For the first time, price of Rajamudi rice variety has breached ₹100 mark owing to depleted supply

Severe drought in the cultivating area has led to prices doubling

Published - December 10, 2023 08:18 am IST - Bengaluru

Rajamudi, a rice variety cultivated in a small area around Hassan, was once favoured by the Mysuru royals for its flavourful taste.

Rajamudi, a rice variety cultivated in a small area around Hassan, was once favoured by the Mysuru royals for its flavourful taste. | Photo Credit: File Photo

The price of Rajamudi, a rice variety cultivated in a small area around Hassan which is popular for its taste and perceived health benefits, has hit a record high. If the regular Sona Masuri rice varieties saw a rise in prices by an average of 25% due to deficient rainfall earlier, the Rajamudi variety has seen a steep hike of almost 100%.

With the Rajamudi cultivated area coming down this year due to drought, the price in Bengaluru increased to a range of ₹100 to ₹110 a kg a fortnight ago, from ₹52 to ₹60 a kg a few months back. The organic Rajamudi variety costs around ₹130 a kg and above. A quintal of Rajamudi paddy that was around ₹2,500 last year, is now more than ₹4,000, a record high for this variety.

Growing areas

Severe drought in the unique cultivating area in Holenarsipur, Channarayaptana, and Arkalgud taluks of Hassan district, parts of Periyapatna taluk of Mysuru district, and parts of Kushalanagar in Kodagu district has led to a steep reduction in the cultivation of Rajamudi this year. While the current stock that is being sold is from the December 2022 harvest, the new paddy will be harvested this month but the yield is expected to be low. Unlike other paddy varieties that are about 120-day crops, Rajamudi is a 140- to 150-day crop.

“Farmers dependent on the Hemavati water from the reservoir at Gorur did not get sufficient water from canals and a large area remained uncultivated. Those who receive the Hemavati water through gravitational canals directly from the river had cultivated sugarcane already,” Hoysala S. Appaji of Rajamudi Growers’ Association in Holenarsipur told The Hindu. “Against a normal 1 to 1.25 lakh acre under Rajamudi cultivation, this year saw a cultivation in about 30% to 40% of the total area.” He said that whatever is trickling into the market now is what is being sold by farmers who had held a small stock for their personal consumption.

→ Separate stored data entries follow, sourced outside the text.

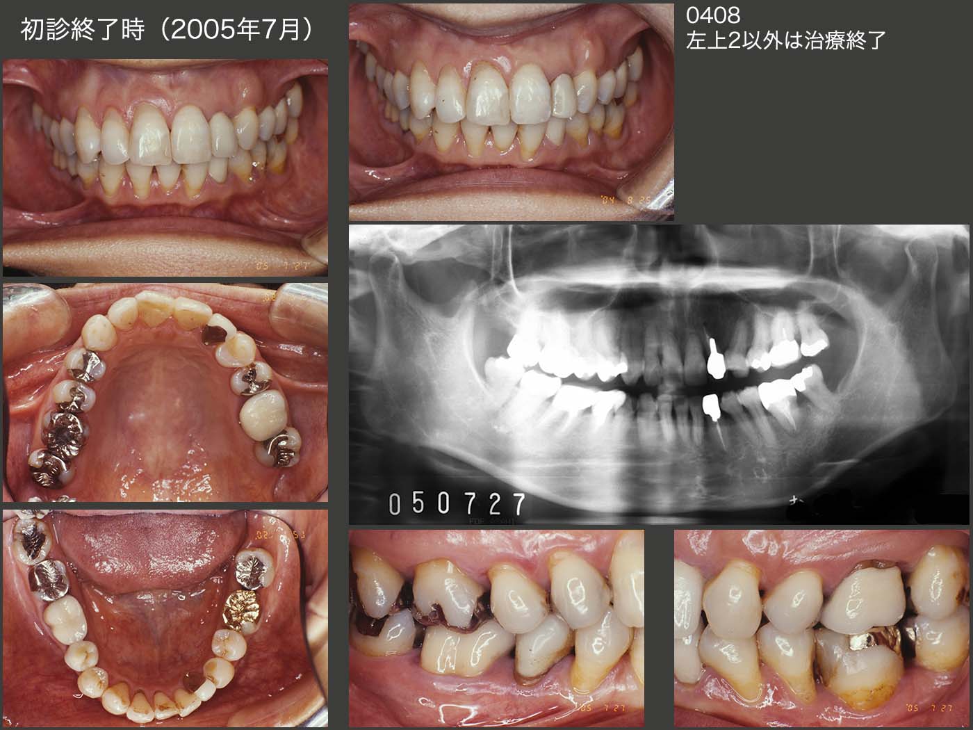 ここで,まったく恥ずかしい話であるが,左上3に犠牲になってもらい,歯科矯正まで行った左上2について,コア形成時に何と歯根を穿孔してしまった.(今なら根管内にペリオドンを貼付し,次回来院時になるべく無菌状態を維持し,止血状態を確認する.そのうえで滅菌されたダッペングラスと筆を用いたスーパーボンドにて穿孔個所を封鎖し,コアの印象採得を行っている.)当時の記録がなく,どのように処置したかの詳細は不明であるが,2004年8月,左上2には暫間被覆冠を装着し,ここ以外の治療はすべて終了した.左上2の穿孔封鎖後,約1年間経過を観察し,特に問題がみられなかったので左上2にメタルボンド冠を装着した.05年7月,すべての治療が終了した.
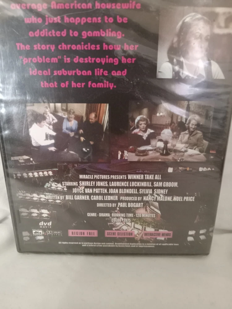 Experience the thrill of gambling with "Winner Take All" on DVD. This classic drama features Shirley Jones and Joyce Van Patten, and is presented in full screen edition. The DVD is compatible with all regions and has a running time of 120 minutes. This DVD comes in a standard jewel case and is rated NR. It is not a former rental and has not been released in 1975. The features of this DVD include Coleo and the language is in English, American English. "Winner Take All" is a must-have for gamblers and drama enthusiasts alike.
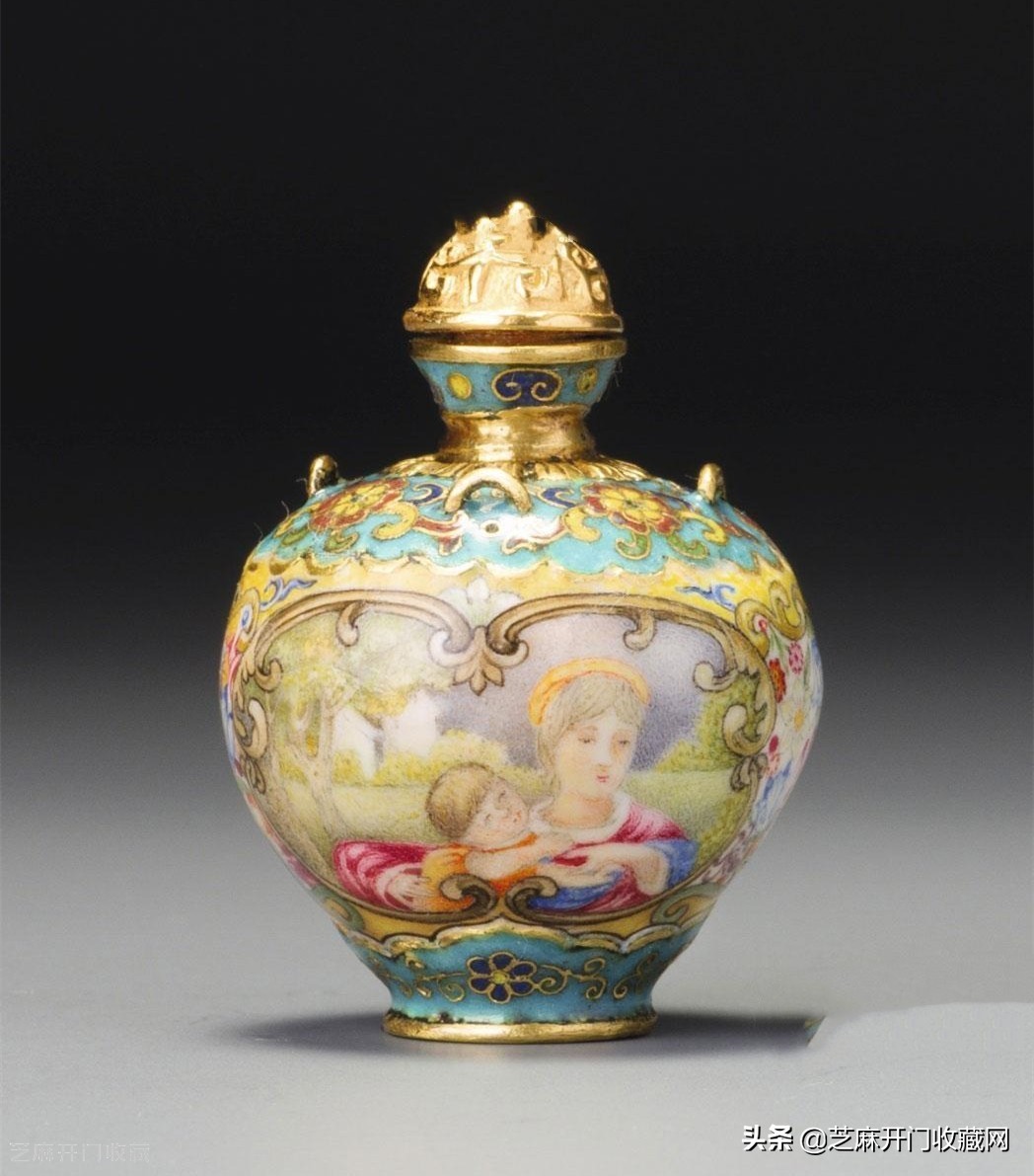 5:清乾隆金胎北京画珐琅西洋母子图四系鼻烟壶,尺寸:3.8厘米,估价:HKD 280,000,成交价: HKD 2,360,000
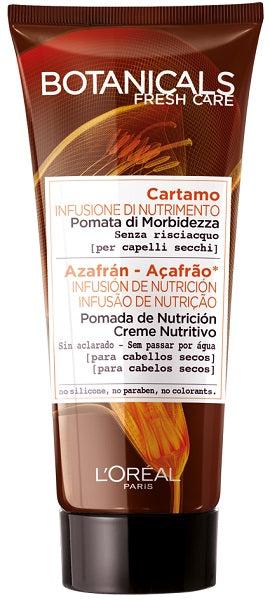 Infusione di nutrimento, con olio di cartamo, per ammorbidire e nutrire i capelli secchi.Associazione inedita di oli di cartamo, ricco in acidi grassi essenziali, di oli di soia e cocco in una formula trattamento che rimpolpa le fibre secche e nutre profondamente. Pomata di morbidezza, la cui formula è stata completata da un olio di semi di lino puro, un ingrediente naturale rinnovabile, riconosciuto per la sua abilità di polimerizzare a contatto con l'aria, creando in questo modo una copertura idro-repellente. Nutre, ammorbidisce e disciplina la capigliatura.
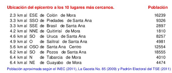 Mapa de la zona epicentral. Se muestran las poblaciones más cercanas al epicentro y fallas activas. Abajo están las distancias que hay del epicentro a cada uno de los diez sitios más cercanos y la cantidad de habitantes que poseen.
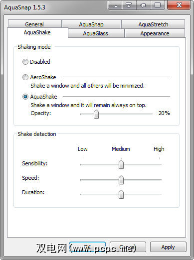 与前面提到的工具一样,AquaSnap提供了许多功能。其中之一是摇动窗户,使其立即停留在顶部并更改其不透明度。可以自定义抖动检测的灵敏度,速度和持续时间。
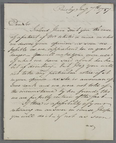 | Summary | Letter from William Farquharson, concerning the case of an unnamed woman of rank with a drink problem at Paisley. Enclosed case note is next item in the case sequence. |
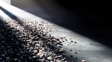 Random dark rock particles spread on a smooth floor with directional shadow lighting
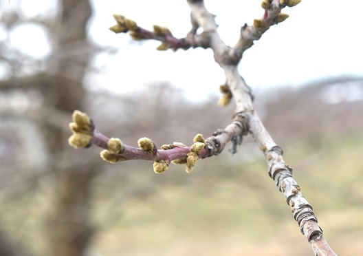 枝には芽がしっかり付いており、春に向けて花を咲かせる準備をしていました。
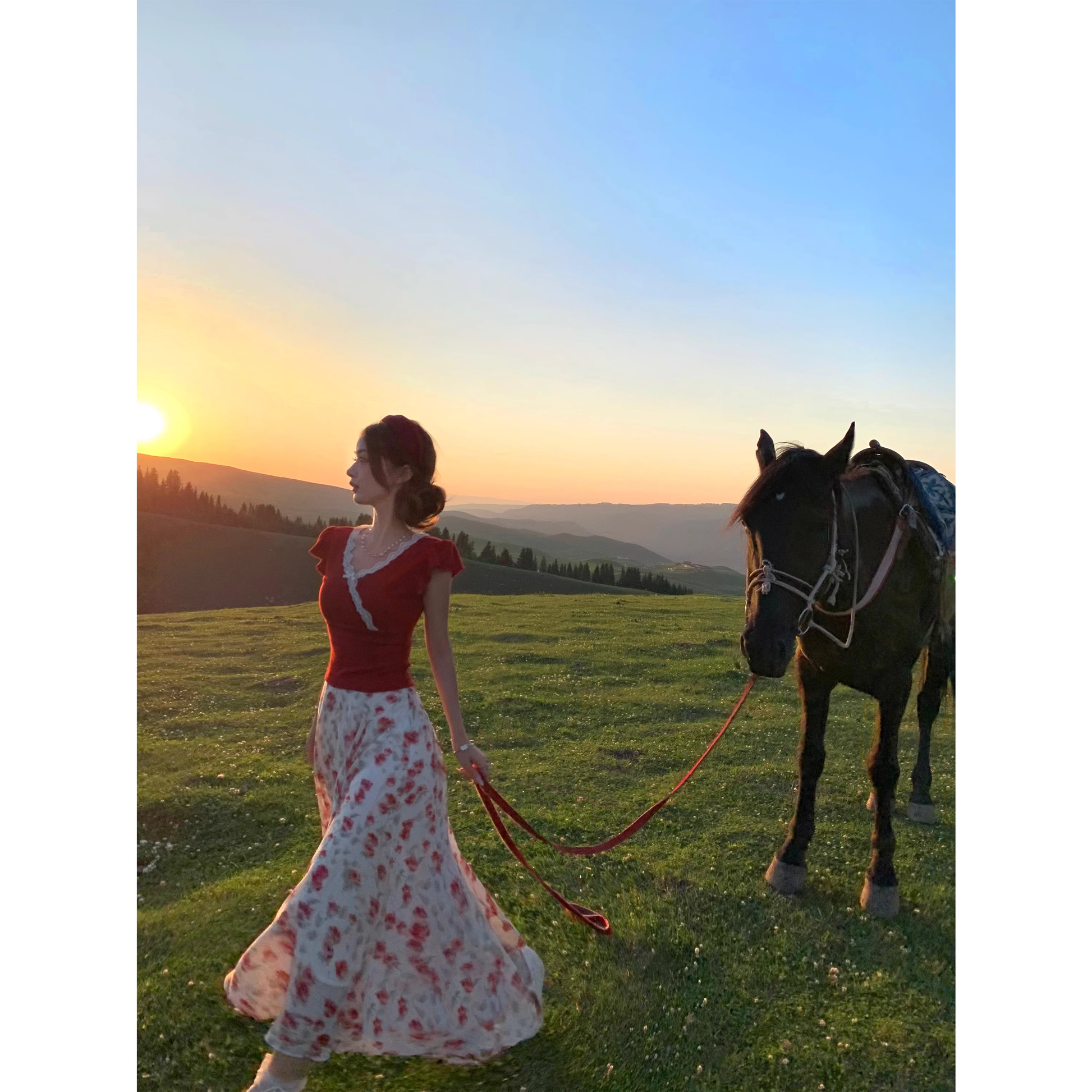 Red floral print midi skirt A117
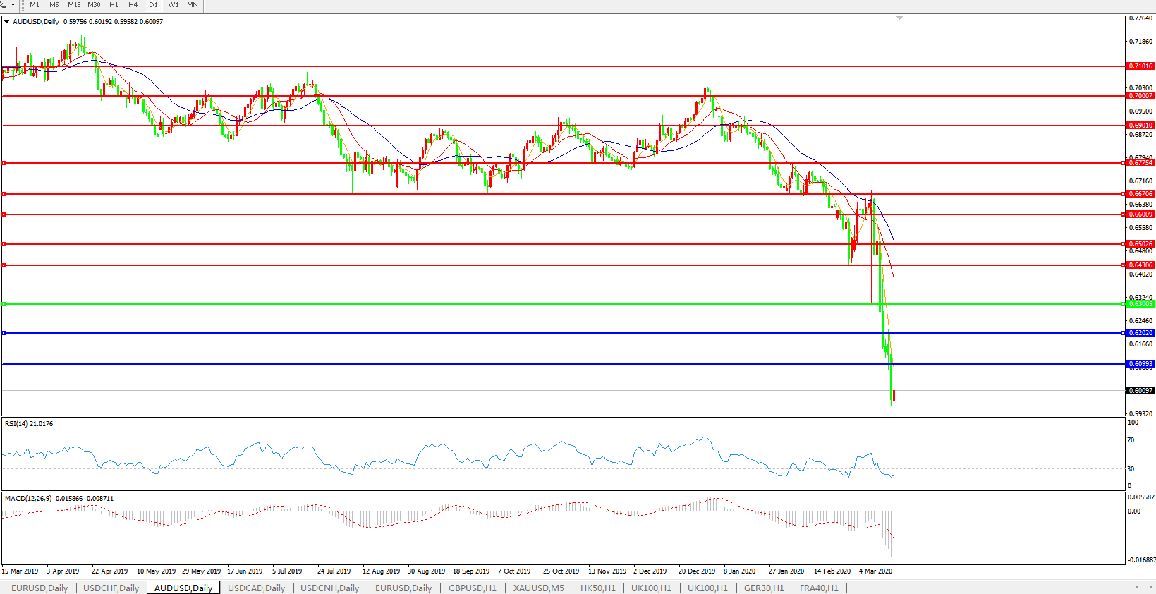 澳元兑美元AUDUSD 日线图:
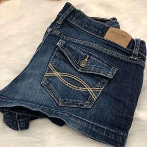 Dark Wash Stretch Denim Shorts with Button Flap Pockets
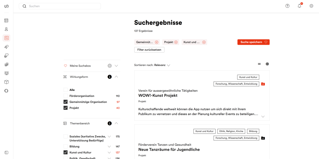 Finden Sie gezielt Organisationen und Initiativen, die Ihren Förderschwerpunkten entsprechen. Nutzen Sie umfangreiche Filterfunktionen, speichern Sie Ihre Suchanfragen und erhalten Sie automatische Updates zu neuen, relevanten Einträgen.
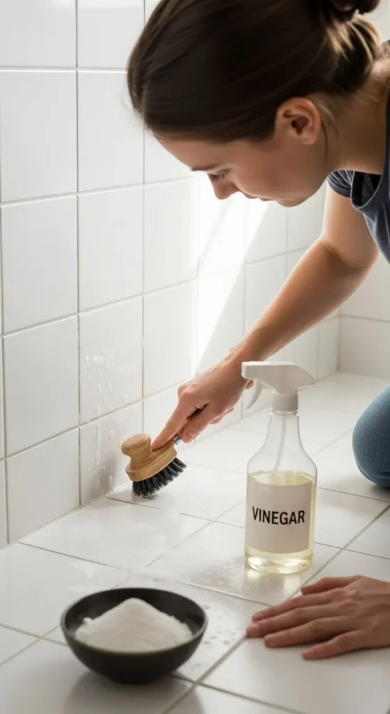 - Mix baking soda and water into a paste and scrub the grout or corners.
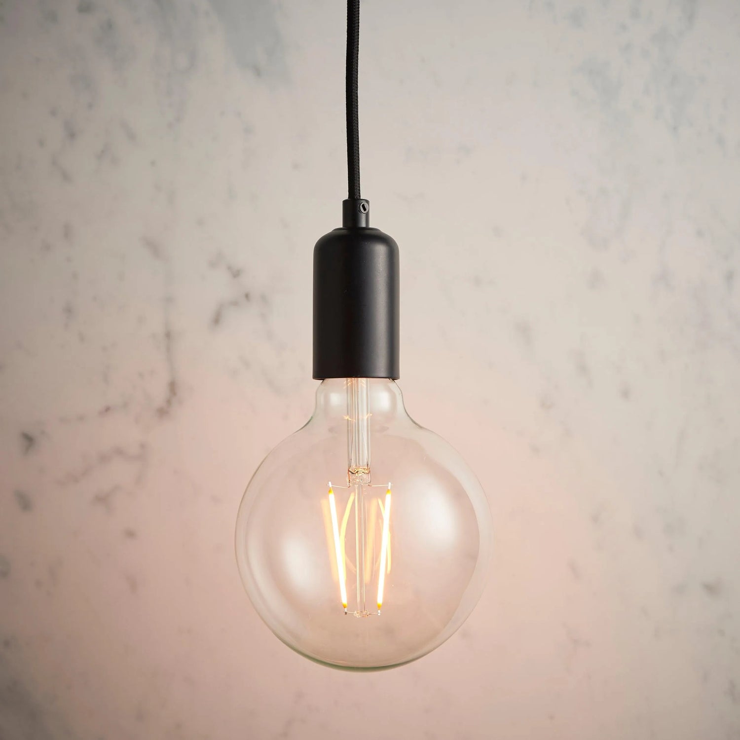 Create that cool urban look with this industrial pendant. Simple in construction with a single matt black painted lamp holder suspended from height adjustable black fabric flex.
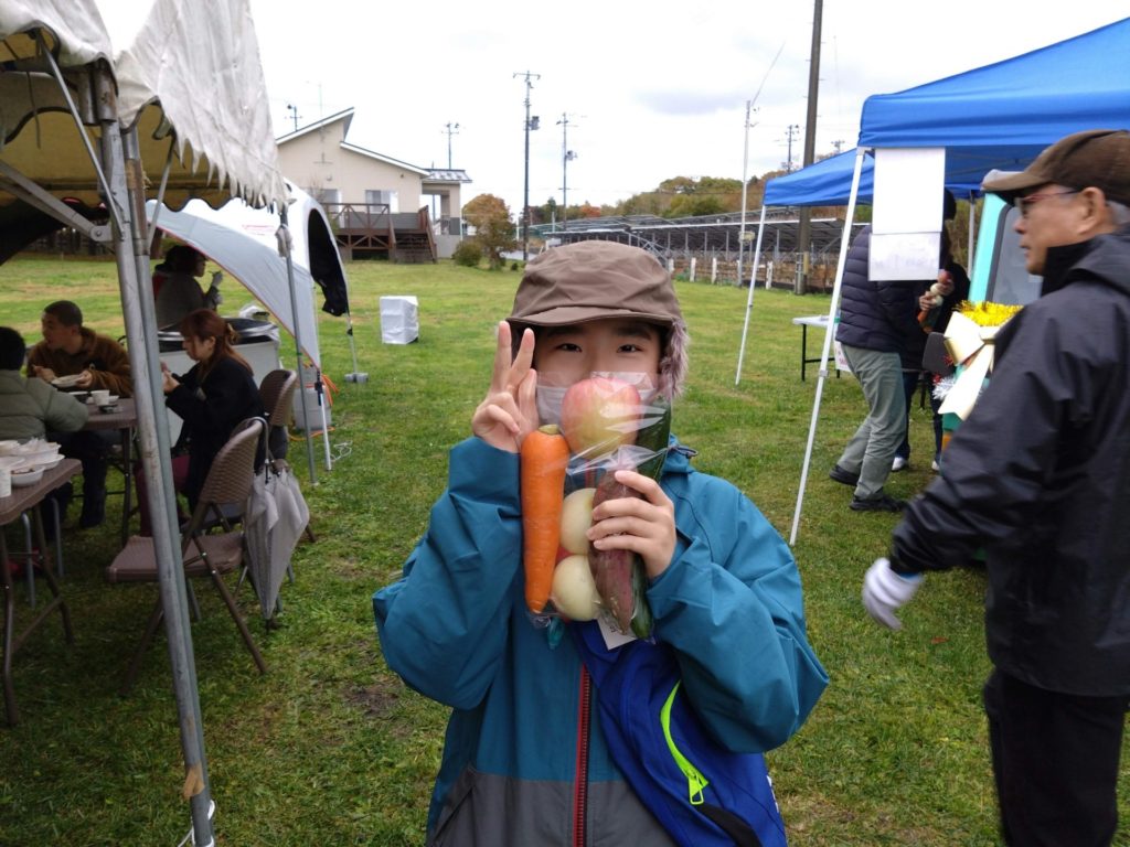 メインの芋煮や焼き肉、サンマの塩焼きなど美味しい食べ物の他に、野菜の詰め放題や長ネギ投げ、玉ねぎ転がし、○×クイズなど、色々楽しめるイベントでした。芋煮の野菜はユートピアの野菜をふんだんに使われていました🧅
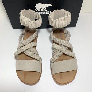 Sorel Ella II Ankle Strap Sandals Leather Flats Soft Taupe Size 9 NEW

Dattatreya, a farmer at Kanagalu village in Periyapatna taluk, said that those farmers cultivating in command areas of tanks where water was available could grow Rajamudi. “Farmers have also reduced Rajamudi cultivation since it is not lucrative. The yield is about 16 to 18 quintals an acre. Due to erratic rainfall this year, some farmers also shifted to ragi.” He said, “Farmers have not benefitted much from the price increase. By the time the price went up most farmers had sold their produce. Only a few who had held stocks have benefitted.”

Where is the crop?

Acknowledging the huge price increase, president of the Bengaluru Wholesale Grains and Pulses Merchants Association Ramesh Chandra Lahoti said, “It is true that the price of Rajmudi has doubled. But where is the crop? There is no water or rain. We have to see in December what quantity of Rajamudi flows into the market and that will determine prices.”

In contrast, he pointed out that the price of the new arrival of Sona Masuri varieties had dropped by 6% to 8% whereas the price of old rice remained steady. “The wholesale price of old raw rice in Sona Masuri variety is about ₹55 to ₹60 a kg whereas the price of new arrivals of raw rice is around ₹52 a kg. The price of Sona Masuri steamed rice in the new crop this year is about ₹48 a kg.”

Sunil Kumar of Bengaluru-based Arogya Organics, which sources Rajamudi from organic FPOs, admitted that the sale of Rajamudi had taken a hit due to high cost while there had been variations in supply too. “Organic Rajamudi which was around ₹70 a kg a few months ago, is now around ₹130. Though a similar spike had happened a couple of years ago despite a good crop, Rajamudi breached the ₹100 mark for the first a fortnight ago.”